Directly authorised advisers with comprehensive, reliable compliance support in place is by far “safer” than being part of a network, Simplybiz’s compliance director Gary Kershaw says in response to 2plan’s Chris Smallwood.
As group compliance director at the Simplybiz Group, who provides compliance and business support to directly authorised financial advisers throughout the UK, I have to say that the recent picture painted by Chris Smallwood, chief executive of 2Plan, of DA advisers struggling through the regulatory maze with no-one to turn to for help, continually and inadvertently exposing themselves and their clients to huge risk and detriment through lapses in compliance, is totally alien to me.
I can only assume that Chris has had a bad experience with direct authorisation in the past as his assertion that when things go “..a bit awry..” for DA advisers, they have nobody to whom they can turn.
However, having worked at both a network and a support services company, I can guarantee that the quality and breadth of guidance given, the expertise and level of qualification attained by the staff and, most importantly, the depth of relationship with the adviser, is no different at either.
There are both ‘good’ and ‘bad’ examples of networks and support service companies and I believe that is the key differentiator, not the model itself.
As Chris pointed out in his blog, networks (most notably Sesame/Bankhall) and their member firms have had a rough time of it recently and, without wanting to try to score points from this genuinely unfortunate situation, I think there are some issues that Chris didn’t mention which are worthy of advisers’ consideration.
An indisputable fact is that network membership presents ever accumulating liabilities.

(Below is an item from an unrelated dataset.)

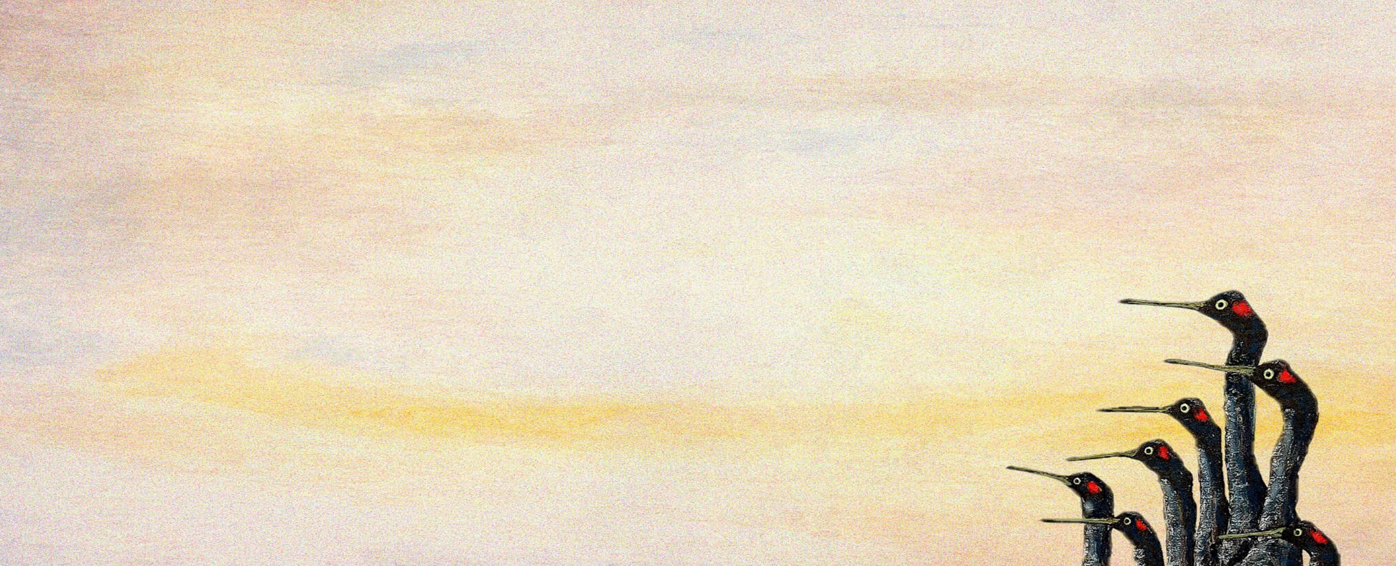 The inspiration for this work came from a fairly well-circulated Japanese meme image of cranes looking sideways. However, as you can see from some of my other works, I am fascinated by wide empty space and how this can create unanswered questions about nature and epistemological philosophy. I set about creating a group of quasi-cartoonish birds (species unspecified) who look to be somewhere between baffled and aware of something we can't see - perhaps something numinous or extra-worldly. I thought of putting a Space Odyssey obelisk far left but then decided that would be over-egging things. Indeed, the power of the scene probably comes from the vast unexplained emptiness on the left that yet manages to occupy the flock - they see what we can't.

Increasing PI contributions bring a need for greater controls and fees; both of which will alienate advisers and cause more to leave the network, therefore leaving fewer ARs to foot the bills.
In terms of risk, becoming a DA adviser with comprehensive, reliable compliance support in place is by far the safest option. No AR can sway the recruitment policy of their network, yet they must adhere to rules put in place to govern the lowest/riskiest common denominator.
The larger the network, the more likely that they will take on both inexperienced advisers and those who conduct higher risk types of business.
Regardless of the quality of a single adviser within a network, they will be impacted by the conduct of others, both financially and in terms of the additional – i.e. above and beyond those required by the regulator – compliance hoops they will be asked to jump through.
To me, network membership represents the worst of both worlds – the risk and costs of being a business owner and the rigidity and lack of autonomy of being employed – and I think that the major bonus that direct authorisation offers is choice.